Helle L. Just1, Mette Deleuran1, Christian Vestergaard1, Bent Deleuran2 and Kristian Thestrup-Pedersen1

1Department of Dermatology, Aarhus University Hospital, Aarhus, and 2Department of Rheumatology, Institute of Medical Microbiology and Immunology, Aarhus University, Aarhus, Denmark

We used T-cell receptor excision circles (TREC) to evaluate thymic function in adult patients with atopic dermatitis and psoriasis. We observed that men, but not women, with atopic dermatitis had a significantly faster decline in TREC content with increasing age compared with healthy men. In contrast, both men and women with psoriasis had significantly reduced TREC levels, which were, on average, only 30% of that of healthy persons. In atopic dermatitis the levels of TREC declined with increasing levels of IgE, disease intensity and extent of eczema. Furthermore, patients with atopic dermatitis showed signs of altered thymus function, as they had a significantly greater variation in TREC content measured over time than healthy controls, especially within the CD8+ T-cell subpopulation.
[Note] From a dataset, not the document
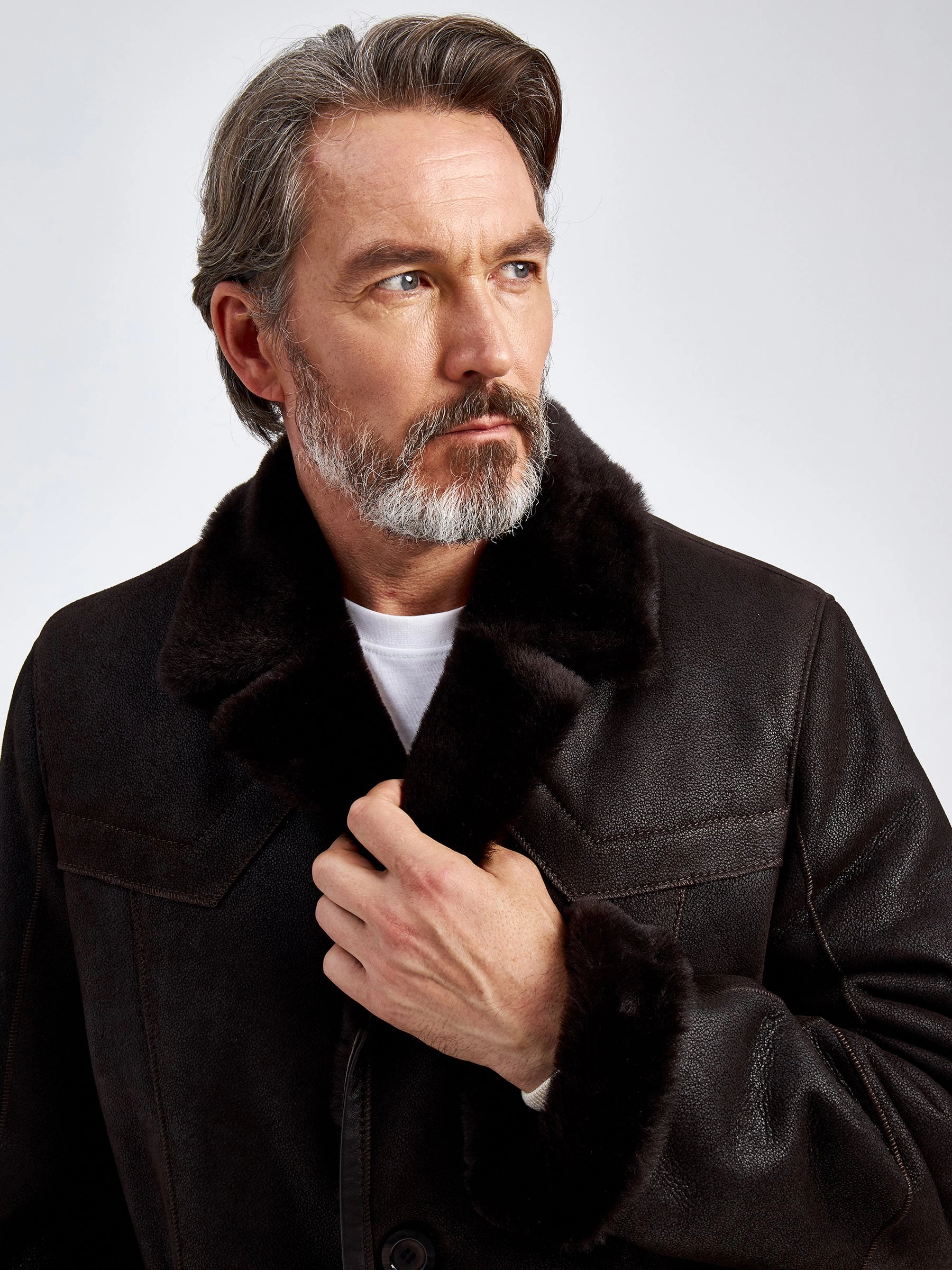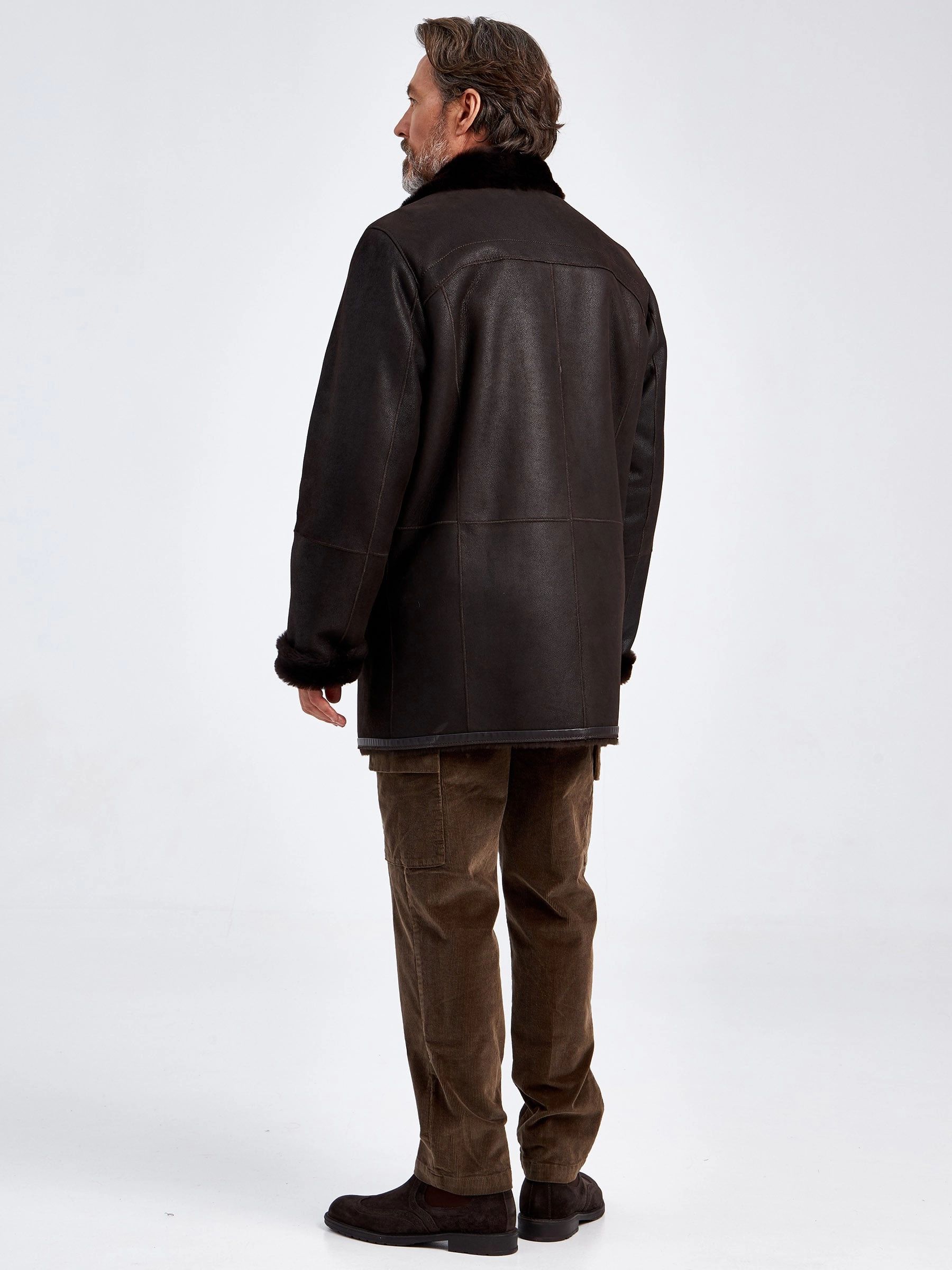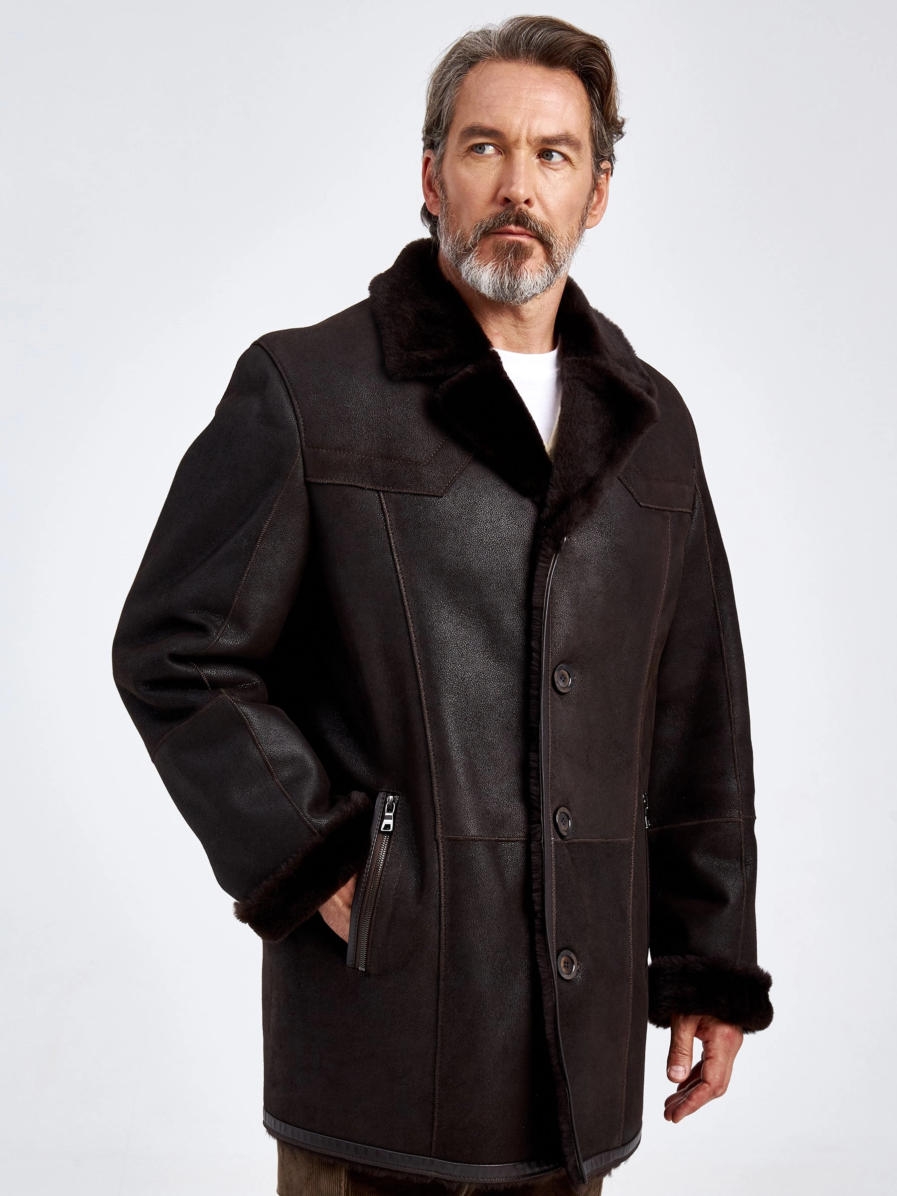 Современная мужская дублёнка, классической длины. Удобные карманы для ключей и документов. Верхняя застёжка закрывает горловину. Новейшее защитное покрытие. Особо прочные нитки. Приятный на ощупь, максимально густой мех мериносной породы овец. Идеальные швы, продуманные и удобные элементы. Аккуратность во всей работе. Чёткая и очень удобная посадка по фигуре. Великолепная свобода движений. Абсолютный комфорт.

Because both atopic dermatitis and psoriasis patients have an increased number of T-cells, this indicates that atopic dermatitis patients can have compensatory emissions of thymic emigrants, whereas psoriatic patients do not, thus supporting different thymic function in these two diseases. Key words: T cells; thymus; atopic dermatitis; psoriasis.

(Accepted June 5, 2008.)

Acta Derm Venereol 2008; 88: 566–572.

Kristian Thestrup-Pedersen, Nygade 4, 1, DK-4800 Nykobing F, Denmark. E-mail: ktp56@hotmail.com

Atopic dermatitis (AD) is a disorder with accumulation of activated T cells in the skin and, in some patients, increased IgE production leading to type I allergies to environmental allergens (1). We have demonstrated a significant increase in thymic volume in infants and children with active AD, an increased number of lymphocytes in the skin, an increased telomerase activity and shortened telomere length in T cells both in blood and skin, and an increased number of double-positive CD4+CD8+ T cells in peripheral blood (2–5). These results suggest that patients with AD have a dysregulation of thymic T-cell selection and emission (6) and increased T-cell turn-over in the peripheral immune system.

Apart from their role in AD, T cells play a major role in the pathogenesis of psoriasis (7). The predominance of CD8+ T cells in the epidermis is a striking feature of psoriasis, while CD4+ T cells are predominant in the upper dermis (8).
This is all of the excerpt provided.